Впрочем, удивительная Милейн печется отнюдь не только о ближайших и не только о присутствующих в данный момент. На ее письменном столе громоздятся призывы о помощи от родных и друзей на пяти континентах. Даже Оффи и Офей стали в конечном итоге детьми, требующими забот. Оба престарелые, Офей почти девяностолетний, Оффи немногим моложе, живут все еще в Мюнхене; после лишения гражданства зятя у них в наказание отобрали паспорта. Увидит ли когда-нибудь Милейн дорогую чету стариков?

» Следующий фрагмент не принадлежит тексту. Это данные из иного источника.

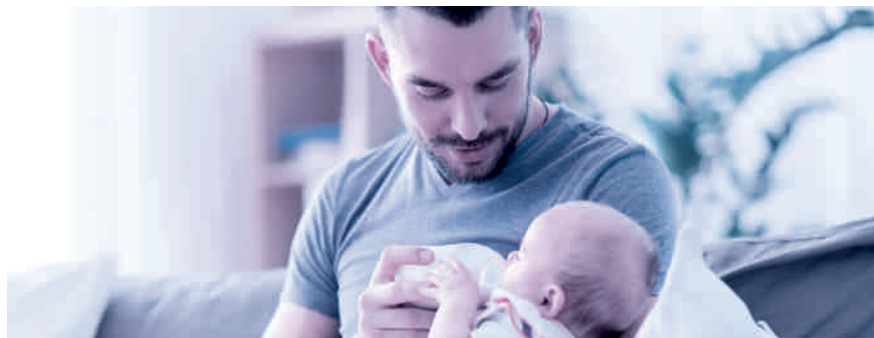
Vaterschaftsurlaub: innert sechs Monaten nach der Geburt zu beziehen.

Das Unternehmen muss dem Vater zehn arbeitsfreie Tage gewähren und hat für diese Zeit Anspruch auf 14 Taggelder. Es ist Sache des Arbeitgebers, bei der Ausgleichskasse – welche auch die EO-Beiträge abrechnet – den Antrag auf die Vaterschaftsentschädigung zu stellen. Der Antrag sollte aber erst gestellt werden, wenn der Arbeitnehmer den ganzen Vaterschaftsurlaub bezogen hat und der Arbeitgeber dies mit dem Antrag bestätigen kann. Die Auszahlung der Vaterschaftsentschädigung erfolgt dann nachgelagert

Из последнего свидания, накануне отъезда в Америку, ничего не получилось. По ту сторону немецкой границы сидели старики, вооруженные бумагой, которая давала им право на посещение Швейцарии. Нацистские стражи не посчитались с этим. «Наша дочь! — кричал почти девяностолетний. — Она ждет нас в Крейцлингене там, по ту сторону, за шлагбаумом. Пустите нас к ней, только на полчаса!» Но стражи лишь пожимали плечами: «Ну так пусть она и приходит, если вы ей важны! Пусть едет в Германию, ваша дочь!» Это было бы концом Милейн. На счастье ее и наше, она не пошла в ловушку. Но родного скрипучего голоса отца, серебристого смеха матери она, вероятно, больше не услышит; хоть бы удалось двум старцам переехать в Швейцарию до начала войны… Милейн надеется и ждет.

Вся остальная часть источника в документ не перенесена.